PROBLEM DESCRIPTION: Although the records contain pictures, none belong in the copy: restate word for word only the lines from the one with "9 Rialto Bridge, Ponte de Rialto" through the one with "The Famous Love Sculpture", both included.

SUPPLIED MATERIAL:
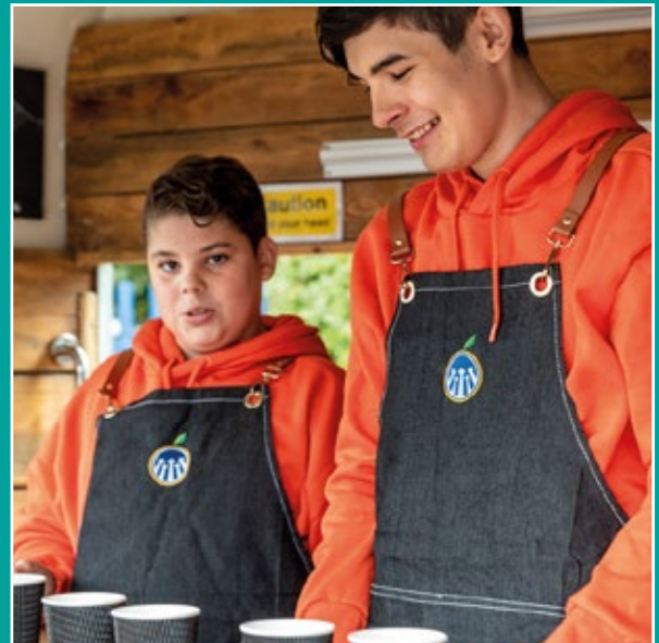
Blue Tangerine Federation - Specialist & Special Educational Needs Schools
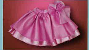
Flippy Lavender Skirt 016-171 $25
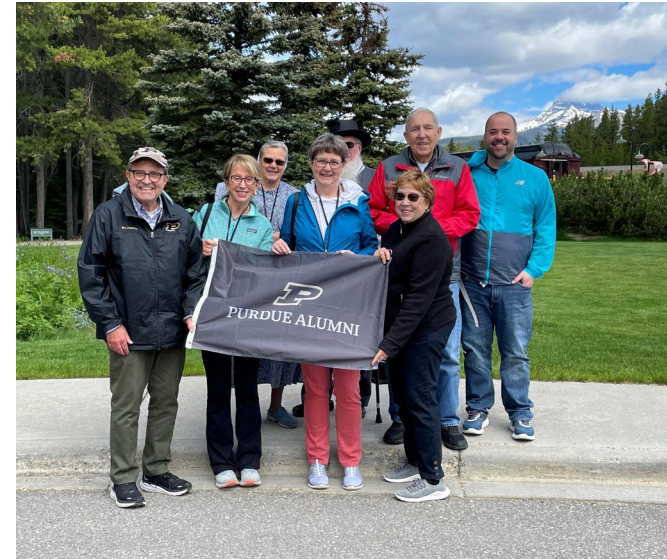
Canadian Rockies (Orbridge) - July 2022
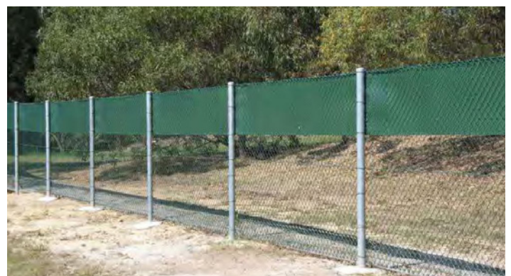
Wardell Road koala fence
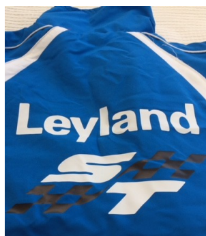
Rear of the Rally Jacket
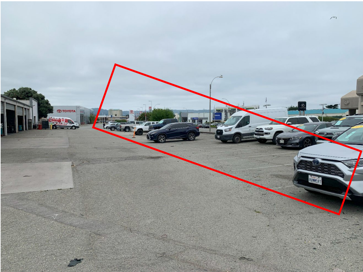
Area of proposed tandem parking. North end, facing south.
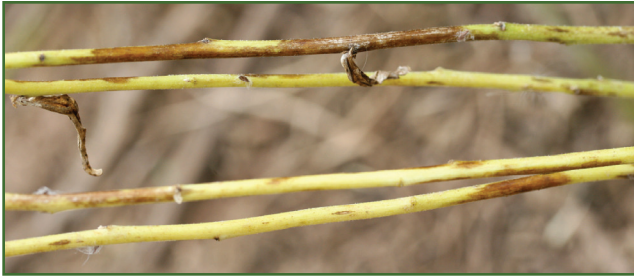
Fig. 3. Pasmó symptom: brown bands on stems alternating with green bands.

Control: Rotate crops and plow under crop residue. Some varieties are more tolerant to the disease than others.
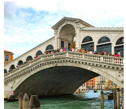
9 Rialto Bridge, Ponte de Rialto
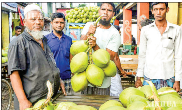
Green coconuts are on sale at a market in Dhaka, Bangladesh.

A virtual meeting to present the prospects of the coconut market, which has been promising as an export item, was held at Myanmar Trade Promotion in April. — Thit Taw/ZS
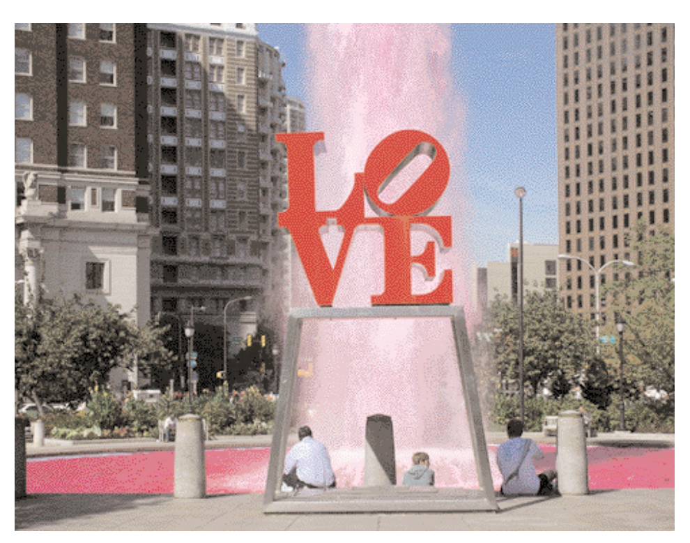
The Famous Love Sculpture

During the American Revolutionary War (1775 – 1783), also known as the American War of Independence, Philadelphia was the center of the American independence movement. The Declaration Independence and the US Constitution were signed in the city's Independence Hall. In 1790 the seat of the United States Government was moved from New York City to the Congress Hall in Philadelphia. For 10 years (1790 - 1800), the city was the temporarily capital of the new country. In 1800 the federal institutions were moved to the newly-established capital, Washington. Today, Philadelphia is a big modern city with more than 1.5 million inhabitants and the center of the fourth biggest metropolitan area in the USA with roughly 5.9 million
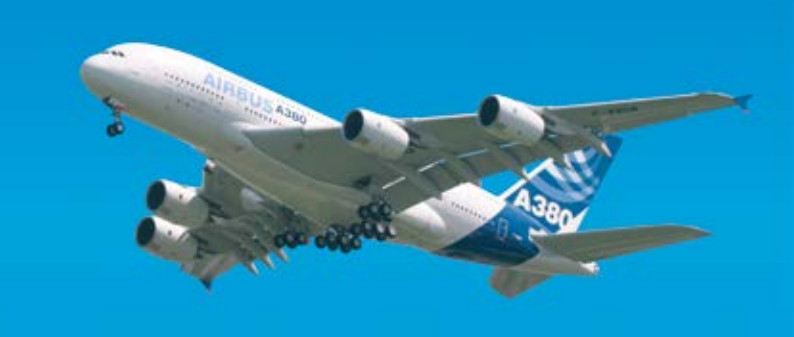
Aerospace and Transportation System

including earthmoving, mining, tower and maritime cranes, aerospace and transportation systems, machine tools and automation systems. For over 65 years, The Liebherr Group's goal has been twofold: design superior products, and treat our customers and employees like family.
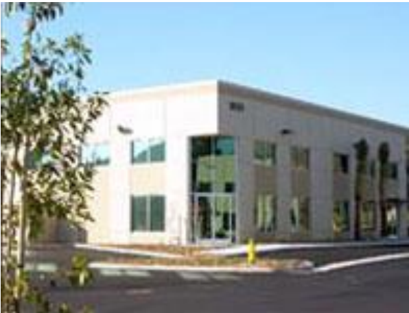
OCEAN REEF USA

For nearly 60 years, OCEAN REEF has been involved in the underwater diving industry. We have contributed much to this industry, from fins and snorkels to the most modern systems of underwater communication. Through the spirit of intrepid pioneers, brilliant inventors, passionate divers, and dynamic entrepreneurs, OCEAN REEF has been able to turn dreams into reality in the underwater world.
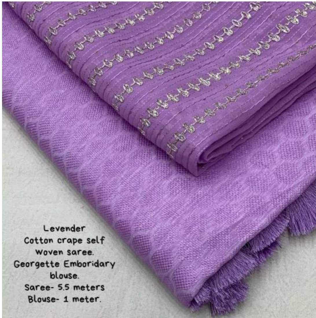
Levender Cotton crape self woven saree. Georgette Emboridary blouse. Saree- 5.5 meters Blouse- 1 meter.
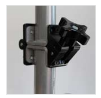
Fig. 3 Fig. 4
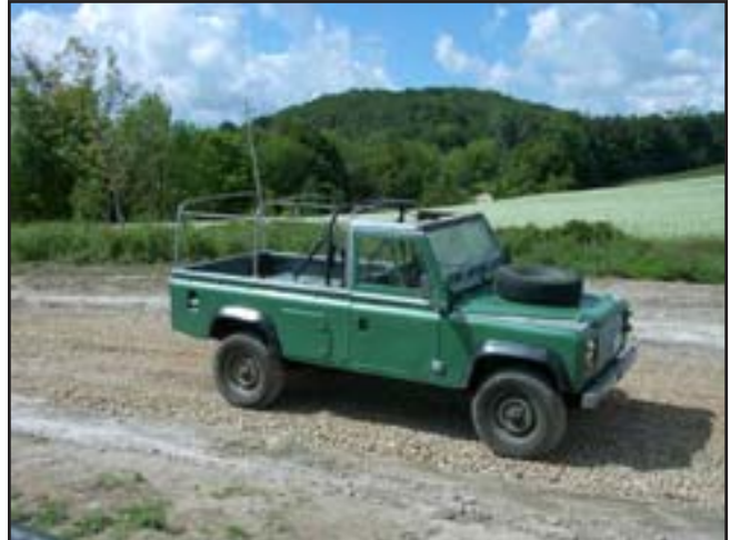
Ex-military 110 NA diesel

Low mileage repainted and re-newed ex-military 110 NA diesel, 5-speed with roll bar, new soft top, re-built transmission 35,000 Km's: & 90 NA diesel, 5-speed 84,000 Km's hardtop, both right-hand drive, bodies and frames in excellent condition ... for additional information contact matthewsted@aol.com

RESPONSE TO THE EXERCISE:
9 Rialto Bridge, Ponte de Rialto
Green coconuts are on sale at a market in Dhaka, Bangladesh.

A virtual meeting to present the prospects of the coconut market, which has been promising as an export item, was held at Myanmar Trade Promotion in April. — Thit Taw/ZS
The Famous Love Sculpture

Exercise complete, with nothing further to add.